Changing versus Understanding Behavior
Many of you look back on overeating, bingeing, or making food choices you wish you hadn’t made and wonder why you did what you did. A caution: It’s one thing to seek understanding out of curiosity, but quite another to grope for explanations that only drag you through the past, leave you frustrated about changing your eating future, and prompt you to pass judgment on yourself. When you ask yourself why you act in a certain way around food, what exactly is it you want to know?
As a therapist, I’m the last person to say that you don’t need to understand your past to change your present or generate a brighter future. It’s crucial to recognize cause-and-effect, comprehend patterns from childhood, and acknowledge the mistakes you’ve made in your food decisions and why you’ve done so. So if you’re asking why you made an unwise eating choice because you haven’t examined your history then, by all means, explore away. You’ll find valuable information. However, if you’ve been over the same territory many times before and get how yesterday impacts today, I doubt you’re really looking for new information or even an explanation of what made you choose poorly in the present. How could you be? You already know the answer.
More likely, you’re seeking a way to avoid repeating your previous mistakes in the future. In that case, the question is not why you made an eating mistake, but how not to do it again.
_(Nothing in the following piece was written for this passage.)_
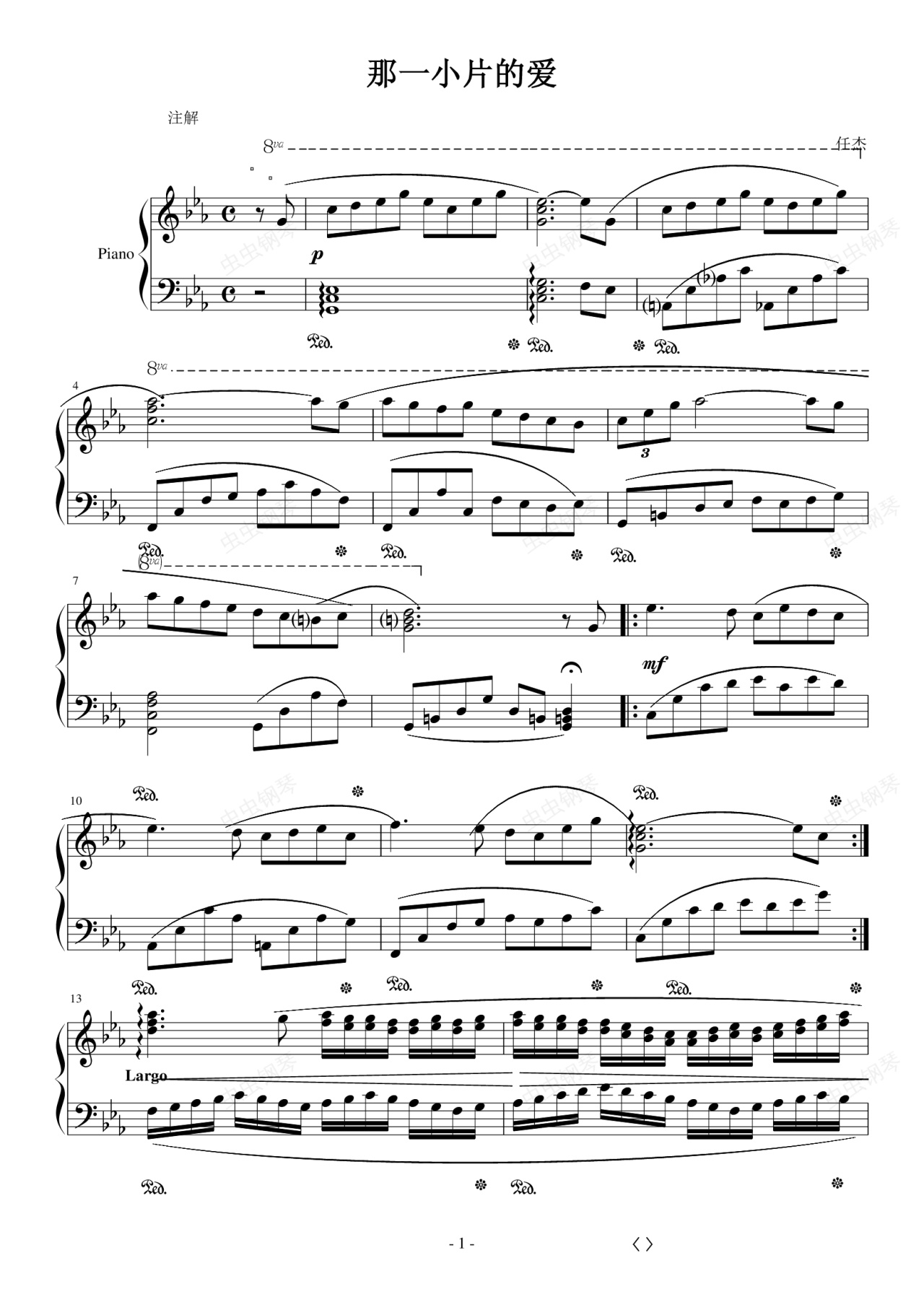 钢琴谱:那一小片的爱

As long as you already understand the why—and if you’ve been working on this issue for a long time, you probably do get it—then shift your attention to how to change. Focusing on the why will only drag you back into the past which is not where you want to be. Instead, target the future by critiquing how you can do things differently when the same situation arises again (and, it will, you know!). Consider options, devise a strategy, come up with a plan. Keep your sights on what you can do differently, not on why you didn’t act in your self-interest yesterday. Enlighten yourself, then move along.
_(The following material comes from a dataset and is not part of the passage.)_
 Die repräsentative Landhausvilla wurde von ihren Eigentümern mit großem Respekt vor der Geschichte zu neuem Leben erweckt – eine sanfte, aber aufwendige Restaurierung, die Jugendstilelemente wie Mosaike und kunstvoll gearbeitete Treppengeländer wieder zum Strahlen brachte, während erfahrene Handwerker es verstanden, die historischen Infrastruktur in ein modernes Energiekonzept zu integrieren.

This is a difficult pattern to shift. The “Why did I do it?” question arises almost automatically, so you’ll have to stay aware of your thoughts to notice when it comes around. Instead of instantly responding to the question, switch gears to “How can I change?” which is the best question you can ask yourself to guarantee a better eating future. If you can catch yourself when the “why’s” come up, you’ll notice how often you ask this question of yourself. That’s okay. You’re trying to make meaning of your past behavior. But don’t be seduced into backtracking over material you already understand. The payoff is in the present and the future, in thinking about how to act differently.